The guide to making "Your first plugin" has a really useful section entitled "What is a plugin?". In the Plugin docs restructure issue a new page was suggested, called "Plugin anatomy" that would go into more detail on this topic. The idea of this page is to give an overview of the minimal elements that make a napari plugin, and link out to the related documents. I think this would be best suited as an explanation style page in the Diátaxis framework. I'm curious what you think on the idea, and what people would like to see in such a page if it was created.

Document outline

To get the ball rolling, perhaps the new page could be something like this:

Plugin anatomy (or what is a plugin?)

Napari plugins are just Python packages. Minimally, they must:

Static plugin manifest

The static plugin manifest is a YAML or TOML file that contains metadata about your plugin and a set of plugin contributions, which define what functionality your plugin adds. This file enables napari to know what your plugin provides without having to import it, and is used to populate the napari viewer. By convention, this file is called napari.yaml and it is placed in the top level module of your package. Make sure to include this file in your package data so that it gets included in your package. Check out the full manifest specification here.

Plugin contributions

A significant part of the plugin manifest file is the contributions section. Contributions are the individual pieces of functionality that your plugin provides, for example, to provide support for reading a new file format in napari, you would add a reader contribution with associated file extensions. This enables napari to use your plugin to support reading from a file with those extensions, e.g., if a user drag and drops such a file into the viewer. Check out the full contribution specification here and follow our guide to learn how to use them.

Manifest entry point

The manifest entry point is a string that informs napari where to find your static plugin manifest file. You can instruct napari where to find your manifest file by adding a napari.manifest entry point to your package metadata. For example, in your setup.cfg file:

# tell napari where to find to your manifest
[options.entry_points]
napari.manifest =
    example-plugin = example_plugin:napari.yaml

# make sure it gets included in your package
[options.package_data]
example-plugin = napari.yaml

Discovery by the napari plugin manager

The napari plugin manager and the napari hub will automatically pick up any Python packages distributed on the Python Package Index (PyPI), and annotated with the tag Framework :: napari. To hide your plugin from the napari plugin manager, you can set visibility to 'hidden' in your manifest (see the manifest reference). Check out the napari hub guide to visibility to remove your plugin from the napari hub. Alternatively, to remove your plugin from both the napari hub the napari plugin manager, you can remove the Framework :: napari from your package metadata.

In the bundled version of napari, downloaded from napari/releases, the only plugins that are supported are those that are published on conda-forge.
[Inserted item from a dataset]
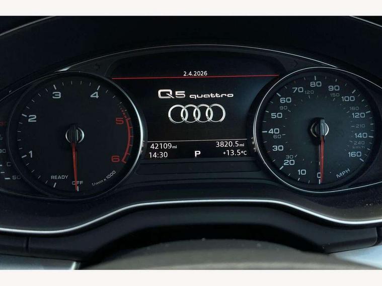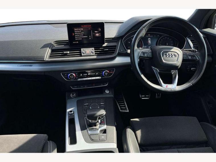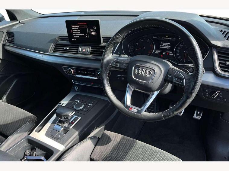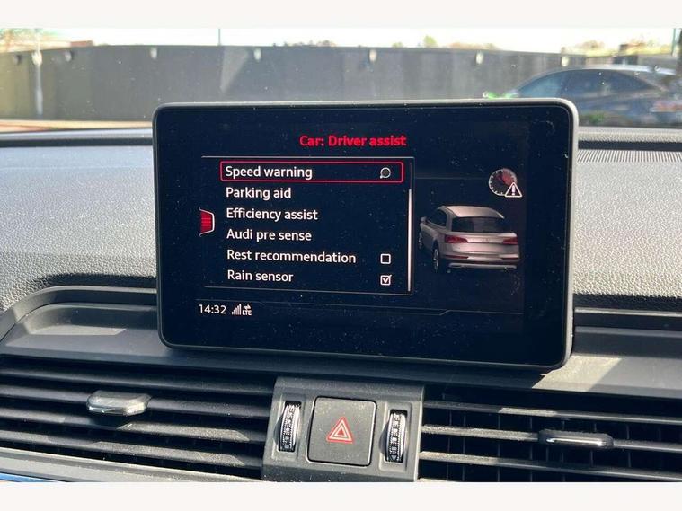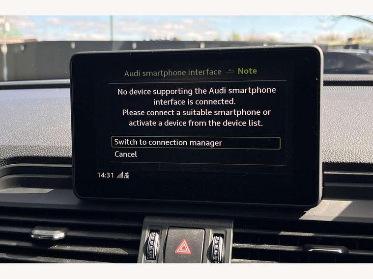 Audi connect, Audi drive select, Audi Pre sense collision avoidance, Audi smartphone interface, Driver information centre with colour display in instrument panel, Electric power steering, Power tailgate, SD card based MMI navigation, Service interval indicator, Voice control system, Diesel particulate filter, 2 USB ports, Auxiliary input socket, CD player, DAB Digital radio, MMI radio plus with 7" colour MMI screen and MMI controller, Acoustic windscreen, Aluminium roof rails, Aluminium sill plates, Auto dimming rear view mirror, Black high gloss front air inlet in matt aluminium effect, Body colour bumpers, Body colour door mirrors, Body colour rear diffuser insert, Chrome exhaust tailpipe, Electric headlight adjustment, Electrically adjustable and heated door mirrors, Front and rear electric windows, Front fog lights, Headlight range control, Headlight washers, Honeycomb side air inlet in titan black, Light and rain sensor for auto activation of lights and windscreen wipers, Loading sill protector in stainless steel, Privacy glass with front acoustic glazing, Rear diffuser strip in matt aluminium silver, Rear spoiler, Rear wiper, S Line side skirts, Selenite silver underbody guard, Twilight grey matt radiator grille with matt aluminium horizontal chrome struts, 3 rear headrests, 3 zone climate control, 4 way electric lumbar support for driver and front passenger, 40:20:40 split folding rear bench seat, Black cloth headlining, Front centre armrest with 12v socket, Front sports seats, Front/rear floor mats, Height adjustable driver's seat, Height adjustable front head restraints, Illuminated door sills, Isofix front passenger and rear seat preparation, Jack and tool kit, Load compartment cover, Luggage compartment carpet, Matt selenite silver door inserts, Perforated leather gearknob, Reach + rake adjustable steering column, Removable luggage compartment floor, Removable net partition, Roller blind loadspace cover, Stainless steel pedals, Sunvisors with vanity mirrors, Non Smokers pack, 3 point seatbelts on all seats, ABS, Curtain airbags, Driver and passenger airbags, Driver and passenger side airbags, Electromechanical parking brake, ESC with ASR, ESP, First aid kit, Front passenger airbag deactivation, Hill descent control, Seat belt force limiter, Seatbelt warning lamp, Traction control, Tyre pressure monitor, Warning triangle, Locking wheel bolts, Remote central locking, Thatcham category 1 alarm + immobiliser, Contrast stitching,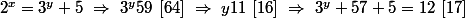 Mais pourquoi modulo 17 ? On cherche un 3^y+5 qui vaut un 2^x. Et un 2^x modulo 17, ça ne fera jamais 0.

So it can be a good idea to upload your plugin to both PyPI and conda-forge to support both sets of users if possible.

The plugin manager information that is displayed to a napari user is populated from a mixture of standard metadata (such as the package name and description, that would also be parsed by PyPI, for example) and napari specific information from the static plugin manifest.

Getting started

The easiest way to create all of this plugin structure following the best practices is to use the napari plugin template. This will also provide some additional convenience to support developing your plugin, such as helpful GitHub actions to automatically deploy your plugin to PyPI on release.

The previous plugin system

If you are browsing through plugins, you may come across some plugins that don't have a manifest file. These were likely created in the older npe1 system. You can check out the npe1 guide if want to understand the old system better, and see the npe2 conversion guide if you have an npe1 plugin which you want to convert to npe2.

psobolewskiPhD commented 1 year ago

Love it! Might be worth up-front clarifying that as Python packages they are/can be easily publicly (re)distributed via pypi.